La 5G est présentée comme une source de progrès mais nous n'avons pas voix au chapitre. Nous regrettons qu'une société dans son ensemble ne puisse débattre d'options technologiques qui auront une incidence réelle sur notre façon d'être ensemble. Lorsqu'un adolescent passe 6h40 par jour devant un écran, soit 40 % de son temps de vie éveillée, nous sommes en droit de nous interroger sur ce que nous estimons être une dérive qui s'apparente à une certaine forme de maltraitance infantile. Avec la 5G, cette dérive ne fera que s'amplifier. De surcroît, certains acteurs économiques espèrent voir se démultiplier les objets connectés qui pourraient se compter en dizaines de milliards d'ici 2025. Non seulement cette généralisation d'objets connectés va nécessiter un gaspillage de matières premières non recyclables, mais elle va également engendrer une vaste surveillance de nos moindres faits et gestes. A minima, nous sommes en droit de demander un débat public, ce que refuse le gouvernement, estimant être le seul légitime pour opérer ces choix de société. Par ailleurs, cette 5G va encore augmenter la consommation énergétique et les rejets de CO2 du secteur du numérique, tout en augmentant les niveaux d'exposition aux champs électromagnétiques dont les effets sur la santé sont encore mal connus.

Vous avez récemment participé à une tribune intitulée « Stopper Amazon avant qu'il ne soit trop tard ». En quoi Amazon est-il le symbole de la destruction du lien social et de la dégradation du climat ?

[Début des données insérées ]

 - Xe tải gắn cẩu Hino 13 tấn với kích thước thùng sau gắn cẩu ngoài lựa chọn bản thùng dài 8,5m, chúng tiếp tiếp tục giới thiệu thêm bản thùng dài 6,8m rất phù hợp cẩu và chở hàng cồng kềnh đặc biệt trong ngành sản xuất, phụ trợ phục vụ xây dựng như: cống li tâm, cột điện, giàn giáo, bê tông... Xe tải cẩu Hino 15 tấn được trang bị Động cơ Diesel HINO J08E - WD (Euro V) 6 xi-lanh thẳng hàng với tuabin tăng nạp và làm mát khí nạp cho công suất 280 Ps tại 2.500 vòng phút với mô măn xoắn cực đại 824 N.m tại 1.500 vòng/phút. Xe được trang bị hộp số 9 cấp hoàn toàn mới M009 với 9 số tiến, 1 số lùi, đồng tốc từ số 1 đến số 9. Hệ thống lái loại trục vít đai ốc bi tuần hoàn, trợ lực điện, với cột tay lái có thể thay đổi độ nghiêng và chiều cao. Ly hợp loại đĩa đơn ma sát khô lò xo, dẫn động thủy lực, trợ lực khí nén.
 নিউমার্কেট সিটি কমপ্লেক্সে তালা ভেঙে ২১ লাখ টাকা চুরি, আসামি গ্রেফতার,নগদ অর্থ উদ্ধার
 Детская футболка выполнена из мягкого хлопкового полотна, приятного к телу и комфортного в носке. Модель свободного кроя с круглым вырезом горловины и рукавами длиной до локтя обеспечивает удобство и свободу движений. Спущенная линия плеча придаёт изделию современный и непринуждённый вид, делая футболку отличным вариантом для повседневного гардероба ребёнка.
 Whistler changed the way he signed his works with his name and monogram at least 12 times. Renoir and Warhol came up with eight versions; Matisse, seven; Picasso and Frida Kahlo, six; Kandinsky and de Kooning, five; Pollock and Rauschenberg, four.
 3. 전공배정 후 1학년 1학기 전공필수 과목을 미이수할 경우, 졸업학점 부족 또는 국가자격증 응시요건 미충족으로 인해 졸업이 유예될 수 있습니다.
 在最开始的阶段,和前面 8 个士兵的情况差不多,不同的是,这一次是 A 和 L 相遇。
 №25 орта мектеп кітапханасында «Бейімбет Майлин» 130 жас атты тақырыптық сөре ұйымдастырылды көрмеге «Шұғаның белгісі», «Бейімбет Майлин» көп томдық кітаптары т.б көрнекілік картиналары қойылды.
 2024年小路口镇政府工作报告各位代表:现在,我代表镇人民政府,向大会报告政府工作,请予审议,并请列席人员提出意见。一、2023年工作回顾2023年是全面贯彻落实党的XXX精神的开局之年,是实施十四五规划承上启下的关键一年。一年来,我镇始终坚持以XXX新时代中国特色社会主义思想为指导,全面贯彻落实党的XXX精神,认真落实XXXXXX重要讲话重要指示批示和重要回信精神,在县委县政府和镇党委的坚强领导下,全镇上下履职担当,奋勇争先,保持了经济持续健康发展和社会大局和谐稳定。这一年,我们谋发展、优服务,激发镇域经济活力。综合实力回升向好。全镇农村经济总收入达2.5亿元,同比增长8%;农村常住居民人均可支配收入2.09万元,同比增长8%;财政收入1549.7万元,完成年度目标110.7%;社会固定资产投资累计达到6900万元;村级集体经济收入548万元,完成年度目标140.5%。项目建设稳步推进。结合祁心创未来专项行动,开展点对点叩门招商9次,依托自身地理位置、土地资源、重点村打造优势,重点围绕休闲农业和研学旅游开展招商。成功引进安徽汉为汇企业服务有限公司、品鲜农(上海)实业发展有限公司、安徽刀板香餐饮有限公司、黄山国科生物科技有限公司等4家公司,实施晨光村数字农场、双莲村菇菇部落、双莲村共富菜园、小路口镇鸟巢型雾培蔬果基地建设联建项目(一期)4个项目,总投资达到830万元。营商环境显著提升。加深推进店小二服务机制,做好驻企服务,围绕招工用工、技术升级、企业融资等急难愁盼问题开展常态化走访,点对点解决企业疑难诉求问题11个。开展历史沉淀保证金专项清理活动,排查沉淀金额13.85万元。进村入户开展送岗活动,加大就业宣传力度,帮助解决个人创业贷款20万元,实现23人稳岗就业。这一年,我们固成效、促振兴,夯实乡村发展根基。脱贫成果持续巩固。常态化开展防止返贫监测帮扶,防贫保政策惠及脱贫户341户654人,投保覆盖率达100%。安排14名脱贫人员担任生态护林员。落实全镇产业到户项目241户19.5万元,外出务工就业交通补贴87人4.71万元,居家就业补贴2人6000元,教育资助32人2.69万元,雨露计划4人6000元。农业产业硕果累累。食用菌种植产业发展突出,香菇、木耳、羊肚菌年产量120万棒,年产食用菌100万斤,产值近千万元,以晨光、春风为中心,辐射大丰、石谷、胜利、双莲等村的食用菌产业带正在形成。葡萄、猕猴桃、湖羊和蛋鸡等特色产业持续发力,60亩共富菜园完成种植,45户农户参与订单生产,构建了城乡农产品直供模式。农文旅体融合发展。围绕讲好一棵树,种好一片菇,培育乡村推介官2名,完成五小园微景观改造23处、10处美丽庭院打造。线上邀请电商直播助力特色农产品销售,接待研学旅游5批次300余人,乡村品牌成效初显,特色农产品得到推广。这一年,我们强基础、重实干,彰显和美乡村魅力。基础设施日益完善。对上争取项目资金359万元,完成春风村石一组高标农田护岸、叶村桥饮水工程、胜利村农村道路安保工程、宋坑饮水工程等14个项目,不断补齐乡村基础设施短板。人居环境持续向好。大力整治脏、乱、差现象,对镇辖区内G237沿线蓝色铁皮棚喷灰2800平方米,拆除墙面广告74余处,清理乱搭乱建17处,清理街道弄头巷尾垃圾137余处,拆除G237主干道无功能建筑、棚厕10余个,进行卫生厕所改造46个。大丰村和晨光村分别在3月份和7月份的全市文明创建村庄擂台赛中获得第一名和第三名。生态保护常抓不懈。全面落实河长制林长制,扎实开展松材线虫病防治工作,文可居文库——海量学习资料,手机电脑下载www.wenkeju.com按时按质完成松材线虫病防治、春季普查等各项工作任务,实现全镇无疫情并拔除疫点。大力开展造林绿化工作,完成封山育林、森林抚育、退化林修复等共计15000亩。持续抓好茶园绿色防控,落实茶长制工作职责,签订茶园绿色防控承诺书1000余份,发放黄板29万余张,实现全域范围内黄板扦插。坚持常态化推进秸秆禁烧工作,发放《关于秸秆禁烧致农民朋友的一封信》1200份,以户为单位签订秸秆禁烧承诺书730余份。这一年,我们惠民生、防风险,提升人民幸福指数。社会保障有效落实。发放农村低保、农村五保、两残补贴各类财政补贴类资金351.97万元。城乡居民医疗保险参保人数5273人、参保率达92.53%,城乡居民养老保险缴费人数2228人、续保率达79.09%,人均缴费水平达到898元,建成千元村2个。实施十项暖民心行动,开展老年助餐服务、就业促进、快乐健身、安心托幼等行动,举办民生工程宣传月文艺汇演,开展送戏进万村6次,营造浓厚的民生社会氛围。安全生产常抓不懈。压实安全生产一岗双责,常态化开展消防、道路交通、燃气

Amazon n'est malheureusement pas seulement un symbole mais la réalité d'un monde où l'accumulation de biens tend à remplacer les liens entre individus. Nuit et jour, 7 jours sur 7, 365 jours par an, nous sommes appelés à nous comporter en consommateur à temps plein. Amazon a construit son modèle économique sur une logique : le client roi. Or, cette toute-puissance détruit le commerce de proximité tout en faisant appel à des salariés kleenex. Il est à nouveau urgent que nous puissions, collectivement, débattre de ces sujets car le développement d'Amazon a un impact réel sur l'urbanisme de nos villes, sur le type de commerces et nos façons de consommer.

Les GAFAM dominent-ils le monde d'aujourd'hui ? Que faire face à cette hégémonie ?

Le poids pris par ces oligopoles se fait au détriment de ce qu'abusivement nous nommons « la vieille économie ». Or, cette vieille économie a construit nos villes, leur physionomie et incidemment a permis à l'Etat d'assurer un minimum d'équité devant l'impôt. Avec ces multinationales qui échappent pour partie à l'impôt, c'est également notre système de solidarité et de redistribution qui vacille. Il est temps de remettre à leur juste place ces entreprises qui vivent l'Etat comme un grain de sable à noyer dans le béton. Contester ces GAFAM passe par une relocalisation de l'économie, par plus de proximité, par plus de liens entre les producteurs et consommateurs. Nous devons également renoncer à nous vivre comme des consommateurs impénitents. Nous devons nous réserver des temps hors commerce et hors ligne. Eteindre son ordinateur ou son mobile, c'est aussi mettre à distance ces GAFAM et retrouver le goût de l'échange avec autre chose qu'une machine.